El relato de un amor romántico, sacrificado. La heroína trágica sufre, es traicionada, pero es una buena esposa, lo importante es ser una buena esposa. En fin, parecía un intento por reivindicar el trabajo  y talento de la mujer en el mundo de la literatura, pero Joan Castleman (sí, con el apellido del marido) termina siendo una Mary Godwin o Collette del siglo XXI y no termina de desatarse de la figura de mujer abnegada. De hecho, los dos mejores momentos de la película (donde la actriz que encarna a Joan se luce) son justo los instantes donde está por estallar y al fin estalla, escupiéndole toda la verdad a su insulsa pareja. Y este último además, exhibe (y también lo rescato) el poder que tiene el oficio de la escritura como canalizador de tantos miedos, frustraciones, deseos, etc. Si pienso en el protagonismo de este elemento (literatura) es el gran motivo de supervivencia de Joan, quien a los 64 años, y como ella afirma con ironía , su ocupación es "fabricar reyes".

sábado, 18 de enero de 2020

Formación docente ininterrumpida

          Nadie discutiría que es lo mismo "gustar de la literatura" a "gustar de enseñar literatura". Para el primer gustar se precisa simplemente ser un buen lector. Con buen lector me refiero a leer y releer, comentar y subrayar, buscar y conseguir títulos inéditos, y llegar a conocer estilos y géneros por medio de la lectura profunda y variada,etc.

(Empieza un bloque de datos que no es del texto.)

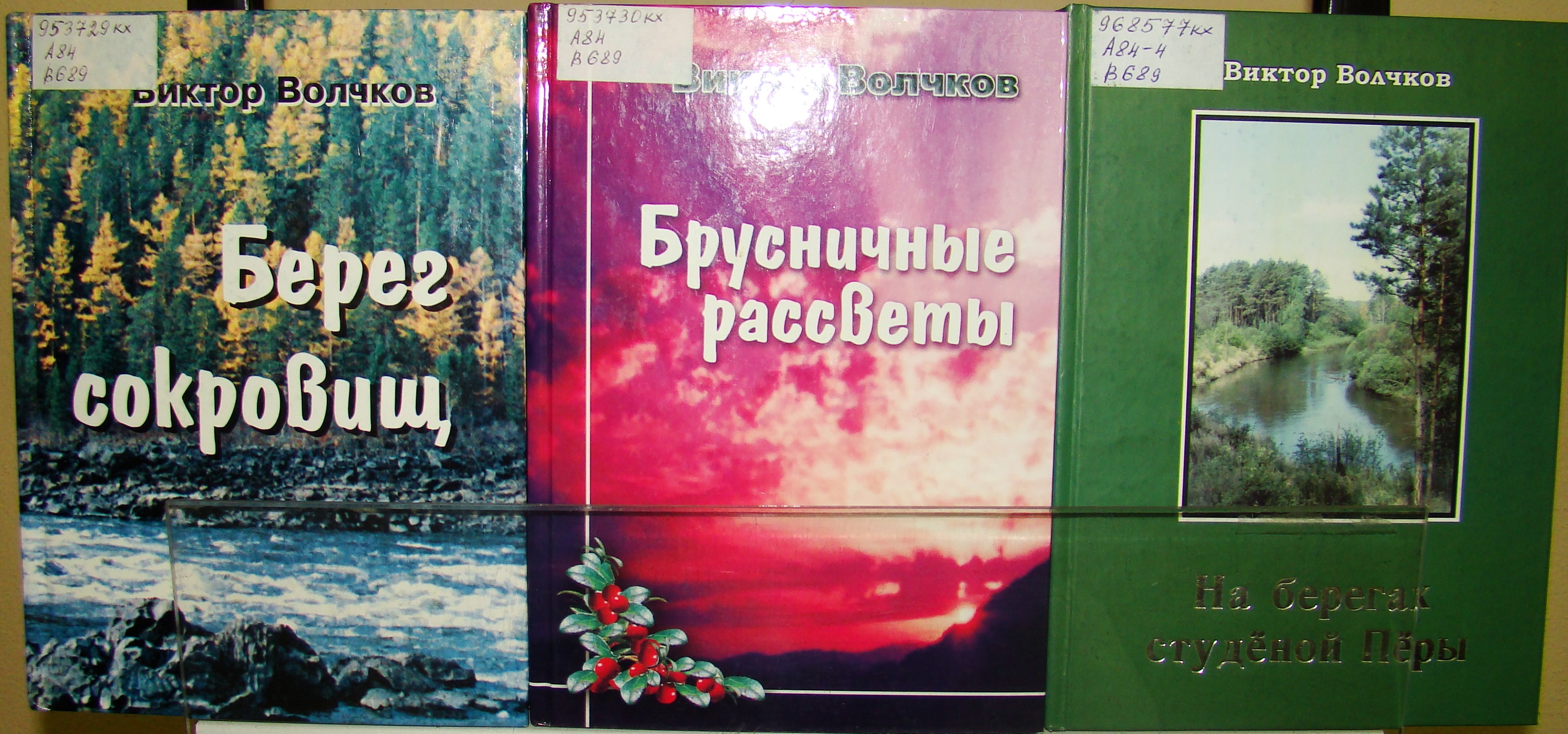 Книги Виктора Волчкова, «Брусничные рассветы», «Берег сокровищ», «На берегах студёной Пёры» и другие позволяют побродить по амурской тайге, посидеть у студёных быстрых речек, увидеть неповторимые рассветы и закаты, услышать настороженные посвистывания рябчиков...
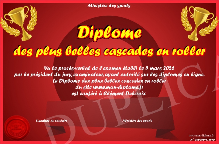 Envoyez par email votre Diplôme des plus belles cascades en roller personalisé

Para el segundo gustar, se precisa ser un buen lector y saber estar frente a estudiantes, buscar formas amables de arrimarlos a la lectura de ficción o bien hacer innumerables intentos (malabares) para que sientan algo conocido como goce estético. Los objetivos o intenciones pueden variar de acuerdo al sujeto que cumple el rol de maestro, pero no existe una cualidad que sea suficiente. Si suponemos presentarnos como ejemplos a seguir, o exigimos grandes críticos literarios, lectores apasionados y participativos, quienes estamos frente a la clase TAMBIÉN ESTAMOS OBLIGADOS A SERLO. Es decir, tenemos que dedicarnos a leer mucho y variado, revisar lo antiguo, acercarnos a lo nuevo, y llevarlo al aula para compartir, y compartir esa misma práctica que procuramos enseñar. Algo así como ser consecuente con lo que predicamos. 

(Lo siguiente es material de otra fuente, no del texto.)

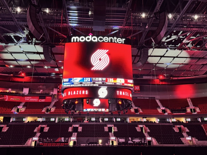 09月26日讯 一众开拓者媒体人今日晒出了摩达中心的设备升级。开拓者主场摩达中心近日公布了全新的中场大屏幕以及球场周边曲...
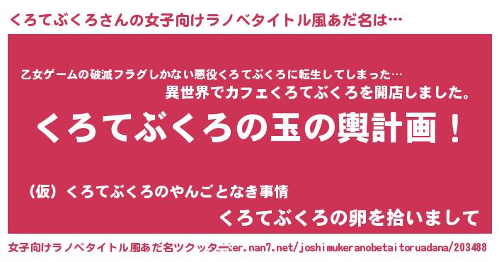 | 男性向けラノベタイトル風あだ名 | 『くろてぶくろ~年齢イコール彼女いない歴の魔法使い~』 |
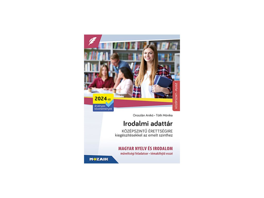 Az Irodalmi adattár középszintű érettségire elsősorban a 2024-től érvényben lévő magyar nyelv és irodalom írásbeli érettségi új elemeihez (az irodalmi feladatlaphoz és a témakifejtő esszéhez) nyújt segítséget. Röviden, tömören összefoglalja a legfontosabb tudnivalókat, praktikusan használható tanulássegítő kiadvány. Az áttekinthetőséget és az összefüggések megértését jól tanulható és átlátható grafikai szervezők (táblázatok, gondolattérképek, ábrák) segítik. Rendszerezi a négy év anyagának legfontosabb ismereteit: a korszakokat, a stílusirányzatokat, a műnemeket és műfajokat, az irodalmi témákat, toposzokat, motívumokat, a verstani és stilisztikai ismereteket. Tartalmazza a legfontosabb fogalmakat és azok meghatározásait, valamint megtalálhatók benne a kötelező olvasmányok összefoglalói és szereplői, a költők-írók múzsái is. Az új érettséginek megfelelő mintafeladatsorokkal segíti a felkészülőket, melyekhez megoldás is tartozik. A kiadvány elsősorban a középszintű érettségire készít fel, de több annál: hiszen számos olyan (elkülönítve is jelölt) elemet, áttekintést is tartalmaz, ami a középszinten túlmutat (pl. színház- és sajtótörténeti összefoglaló, egyéb kiegészítő anyagok), ezért az emelt szinten érettségizők számára is hasznos kézikönyv lehet.Kiegészítő paraméterek
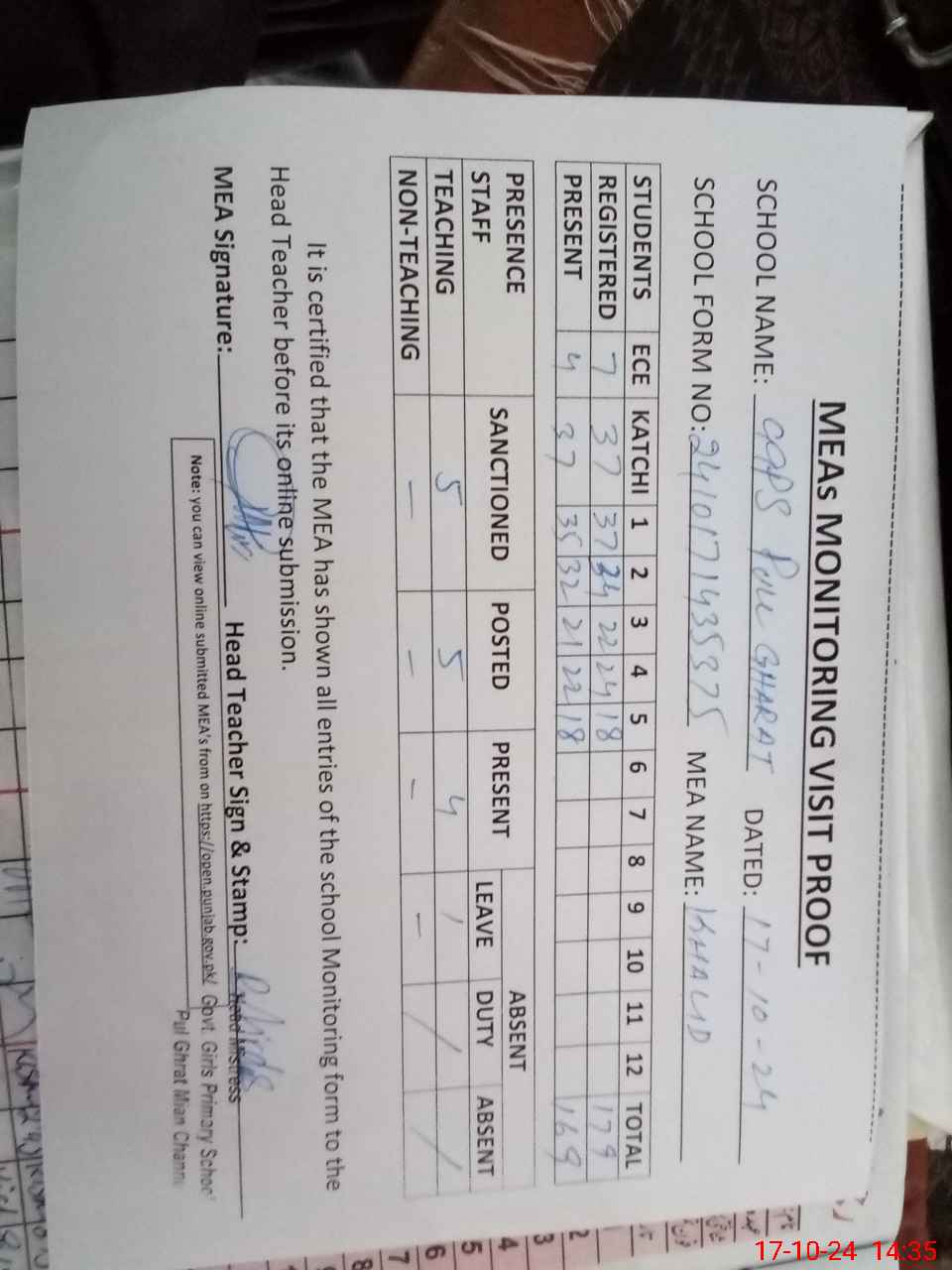 | EMIS Code: 36430381 | Name of School: GGPS PULL GHARAT, TULAMBA | |||

          Puede que todo lo anterior suene a consejo ingenuo o prédica anodina, pero he comprobado que funciona. Asumirnos como sujetos en formación continua no es una moda, es la manera más amable de generar un verdadero intercambio en el aula. 
           Nosotros, los docentes ¿Con qué frecuencia escribimos cuentos? ¿Logramos un relato extenso? ¿Practicamos escritura de ficción? ¿Leemos la literatura de ficción que pretendemos que nuestros alumnos produzcan? ¿Conocemos de técnicas narrativas? ¿Armamos un corpus de relatos donde se apliquen/destaquen recursos narrativos que puedan tomar los estudiantes a la hora de escribir su cuento?
Lo primero que tenemos que pensar es qué importancia le damos nosotros a la lectura ¿Proponemos diversidad de textos? ¿Sugerimos una única forma de leer? ¿Le leemos a nuestro curso? ¿Los invitamos a realizar comentarios sobre lo que leen?
Con respecto a la escritura ¿Escribimos nosotros los textos que exigimos a nuestros estudiantes? ¿Escribimos a la par de ellos para –entre todos- ir sorteando dificultades, celebrando aciertos y generando sorpresas? Además de acercar textos que nutran la experiencia como lectores (y escritores en ciernes), podemos acercarlos a nuestro propio ejercicio de escritores/”correctores”. La tarea compartida genera una situación de paridad: la consigna es nueva para todos, a todos nos cuesta empezar, todos nos esforzamos (incluso el maestro) por hacer algo que nos deje contentos, al finalizar leemos las producciones.
Prueben ser un reflejo de lo que propugnan. No falla, o al menos hace el día a día (en las aulas) más amigo, más comunitario, más rico.